**Exercise instructions**
Dropping every picture, set down exactly the lines in the entries below, starting with the line with "Vetrina espositiva per" and going on through the line with "可随时随地设置定时发送功能,支持新浪、腾讯同步发布,并自定义来源信息。".

**Data listing**

»»

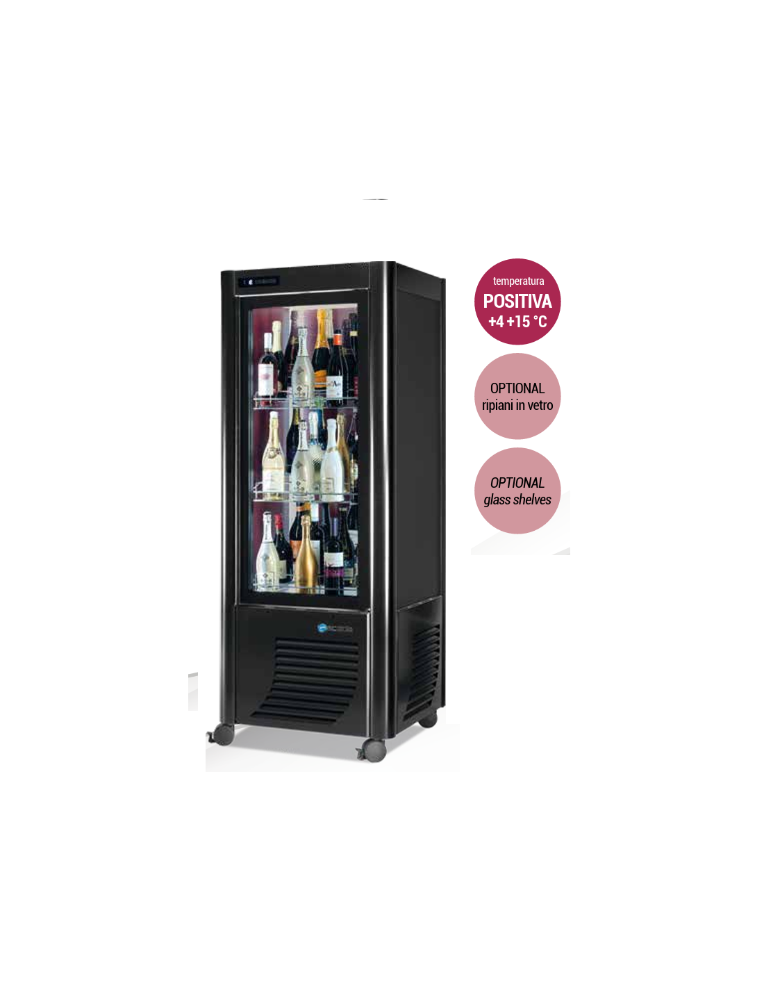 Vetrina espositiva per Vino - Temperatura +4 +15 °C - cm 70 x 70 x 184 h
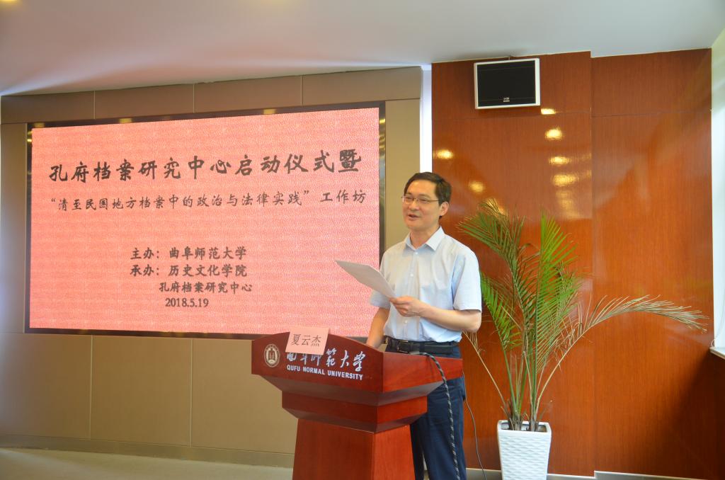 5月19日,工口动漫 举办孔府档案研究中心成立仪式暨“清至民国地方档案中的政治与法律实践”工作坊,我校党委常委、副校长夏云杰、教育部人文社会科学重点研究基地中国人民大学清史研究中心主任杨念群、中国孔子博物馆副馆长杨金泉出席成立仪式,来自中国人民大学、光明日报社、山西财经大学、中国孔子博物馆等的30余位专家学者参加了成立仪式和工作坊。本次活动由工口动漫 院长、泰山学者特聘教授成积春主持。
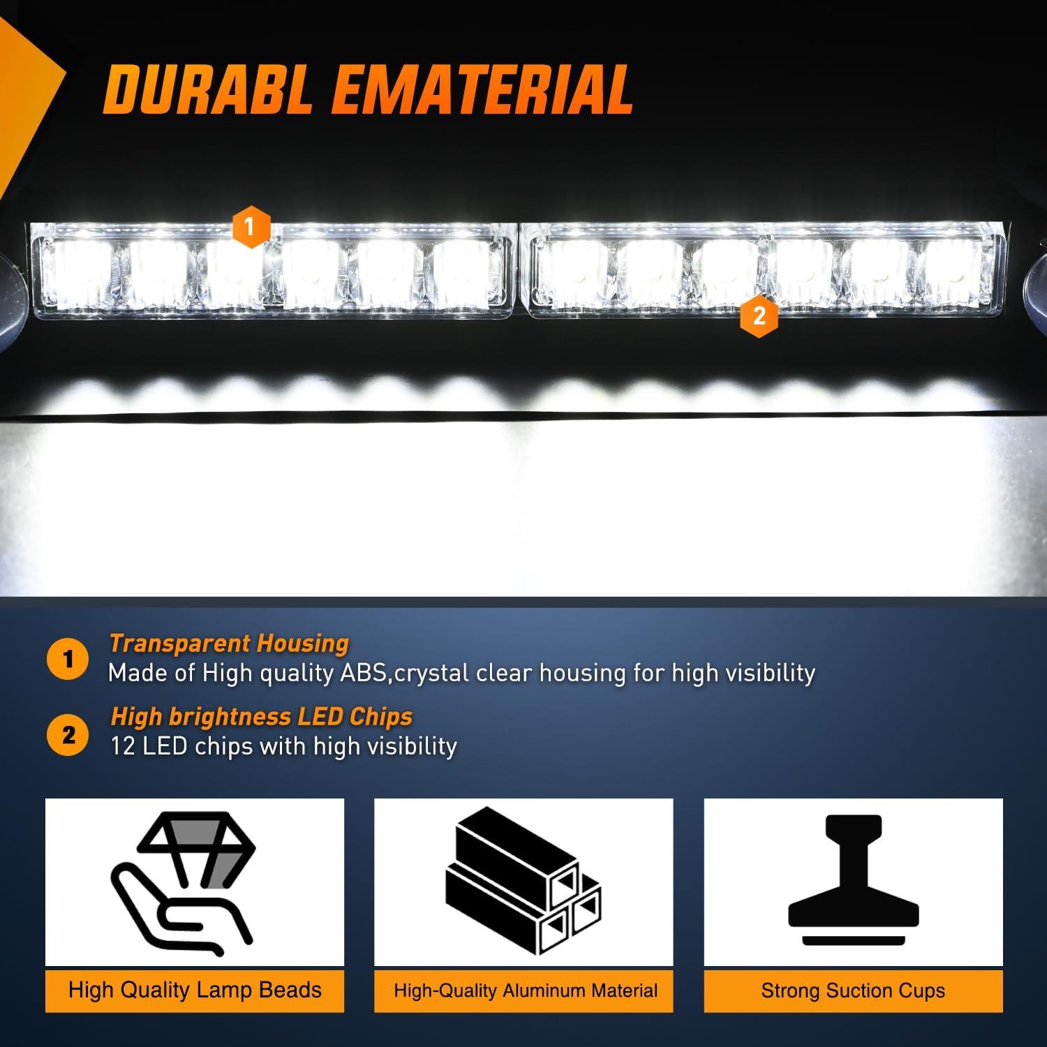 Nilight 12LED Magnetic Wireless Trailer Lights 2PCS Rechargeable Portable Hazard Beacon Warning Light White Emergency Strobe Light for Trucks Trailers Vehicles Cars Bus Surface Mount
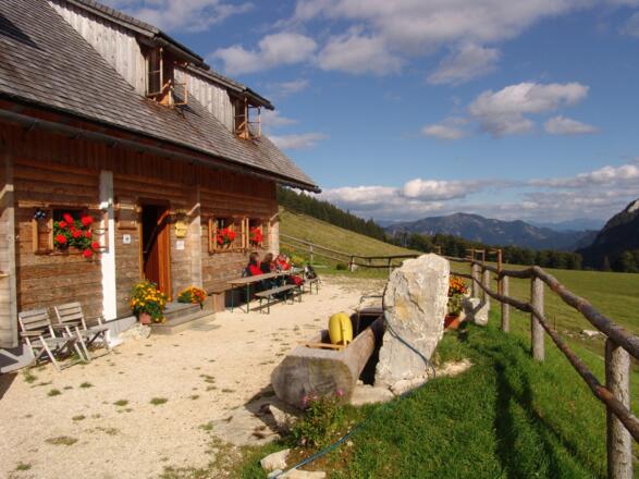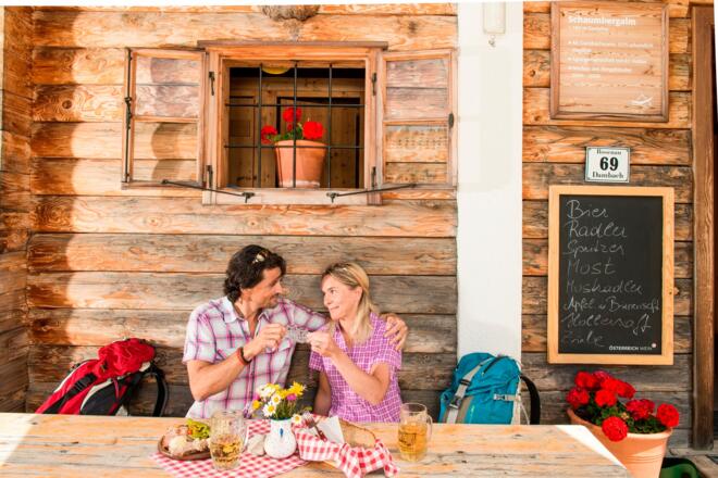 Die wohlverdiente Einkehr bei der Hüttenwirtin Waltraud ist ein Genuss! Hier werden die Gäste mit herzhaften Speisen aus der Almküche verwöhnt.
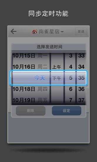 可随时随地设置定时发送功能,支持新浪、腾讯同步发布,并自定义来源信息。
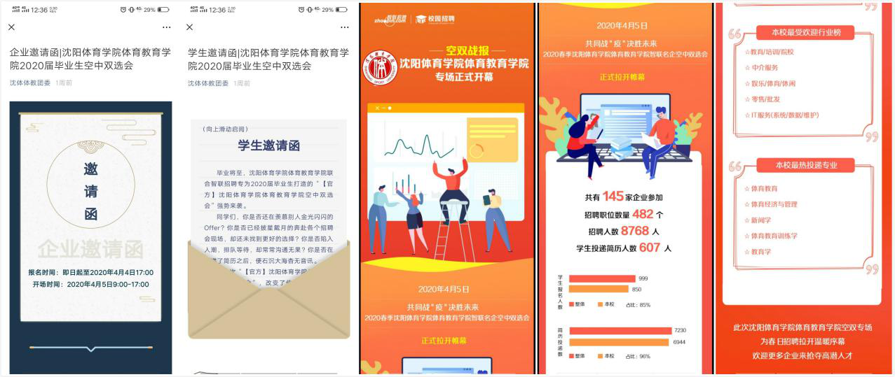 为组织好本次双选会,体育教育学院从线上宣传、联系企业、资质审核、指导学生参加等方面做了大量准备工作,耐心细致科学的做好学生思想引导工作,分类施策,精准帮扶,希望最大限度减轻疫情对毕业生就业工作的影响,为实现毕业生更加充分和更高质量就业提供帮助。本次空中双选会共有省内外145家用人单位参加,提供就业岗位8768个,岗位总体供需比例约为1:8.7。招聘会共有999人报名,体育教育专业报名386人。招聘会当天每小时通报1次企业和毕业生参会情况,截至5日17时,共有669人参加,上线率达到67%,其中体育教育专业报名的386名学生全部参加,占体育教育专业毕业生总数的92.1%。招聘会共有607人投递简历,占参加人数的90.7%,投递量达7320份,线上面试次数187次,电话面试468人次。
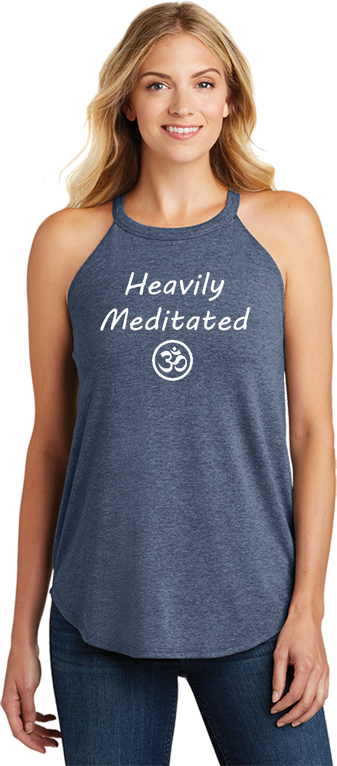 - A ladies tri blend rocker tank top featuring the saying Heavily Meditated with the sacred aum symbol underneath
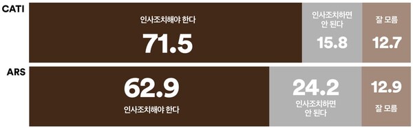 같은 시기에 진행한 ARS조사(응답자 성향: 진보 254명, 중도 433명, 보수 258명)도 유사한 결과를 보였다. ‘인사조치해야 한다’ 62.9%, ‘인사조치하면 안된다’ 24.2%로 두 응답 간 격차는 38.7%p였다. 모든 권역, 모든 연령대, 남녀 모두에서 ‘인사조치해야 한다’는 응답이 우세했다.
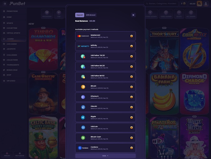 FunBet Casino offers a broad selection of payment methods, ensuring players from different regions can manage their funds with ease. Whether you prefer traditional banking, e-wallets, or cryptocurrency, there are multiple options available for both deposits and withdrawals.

««
»»

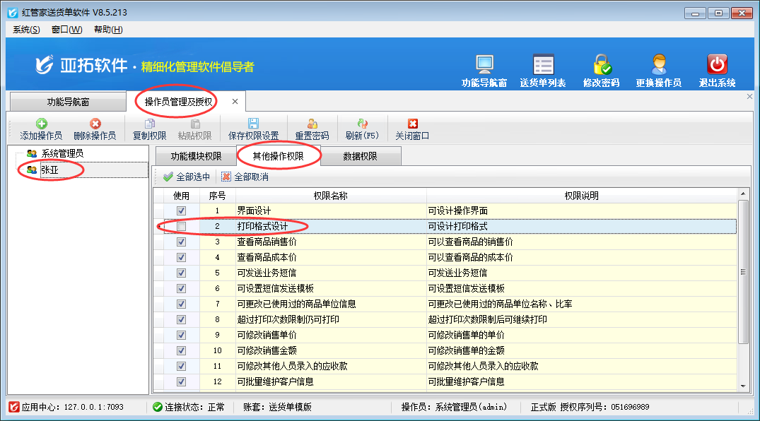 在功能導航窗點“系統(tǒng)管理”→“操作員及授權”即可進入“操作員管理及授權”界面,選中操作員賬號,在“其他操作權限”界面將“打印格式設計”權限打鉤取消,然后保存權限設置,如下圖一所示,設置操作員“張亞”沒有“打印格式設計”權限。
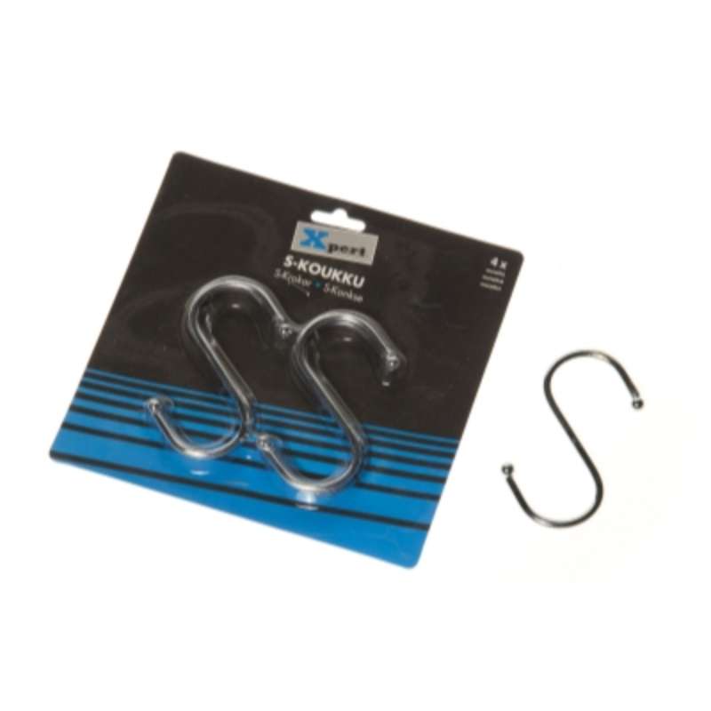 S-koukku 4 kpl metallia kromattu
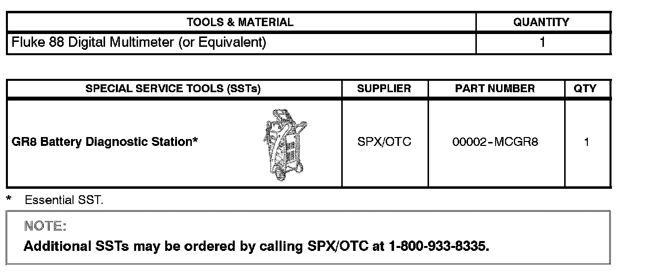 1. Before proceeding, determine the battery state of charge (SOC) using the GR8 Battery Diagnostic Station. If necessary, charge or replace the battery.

««

**Response area**
 Vetrina espositiva per Vino - Temperatura +4 +15 °C - cm 70 x 70 x 184 h
 5月19日,工口动漫 举办孔府档案研究中心成立仪式暨“清至民国地方档案中的政治与法律实践”工作坊,我校党委常委、副校长夏云杰、教育部人文社会科学重点研究基地中国人民大学清史研究中心主任杨念群、中国孔子博物馆副馆长杨金泉出席成立仪式,来自中国人民大学、光明日报社、山西财经大学、中国孔子博物馆等的30余位专家学者参加了成立仪式和工作坊。本次活动由工口动漫 院长、泰山学者特聘教授成积春主持。
 Nilight 12LED Magnetic Wireless Trailer Lights 2PCS Rechargeable Portable Hazard Beacon Warning Light White Emergency Strobe Light for Trucks Trailers Vehicles Cars Bus Surface Mount
 Die wohlverdiente Einkehr bei der Hüttenwirtin Waltraud ist ein Genuss! Hier werden die Gäste mit herzhaften Speisen aus der Almküche verwöhnt.
 可随时随地设置定时发送功能,支持新浪、腾讯同步发布,并自定义来源信息。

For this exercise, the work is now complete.